Debate político por el momento estéril para reducir el coste

La Voz

DEZA

El precio de la AP-53 y las fórmulas para lograr una reducción de su peaje, e incluso la gratuitad, se ha convertido en los últimos años en arma de confrontación política. En especial durante el pasado mandato del Gobierno bipartito y también en lo que llevamos del actual, con el PP de nuevo al frente de la Xunta. Confrontaciones en el ámbito local, autonómico e incluso nacional que han generado desde preguntas parlamentarias a iniciativas en el Congreso de los Diputados, pasando interpelaciones o mociones. Todo por ahora estéril.

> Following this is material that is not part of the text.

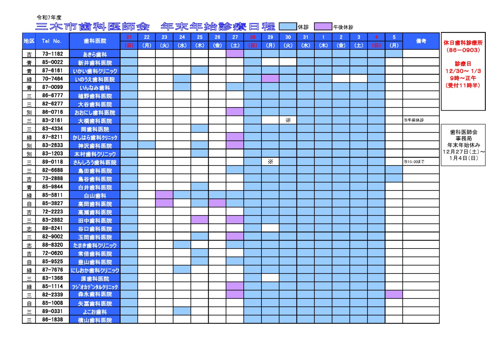 令和7年度三木市歯科医師会年末年始の診療日程表を公開致しました。

Entre las últimas iniciativas se encuentra la presentada por el PP en el Congreso. Una proposición no de ley instando al Gobierno central a transferir la AP-53, un paso necesario para que la Xunta aplique la anunciada rebaja del 25% de las tarifas a quienes usen la autopista dos veces al día. En espera de que se lleve a cabo ese proceso -estancado en la actualidad- se insta al Ministerio de Fomento a que aplique rebajas de las tarifas hasta entonces. Entre los argumentos, el agravio comparativo respecto a los usuarios del tramo libre de peaje, la AG-53.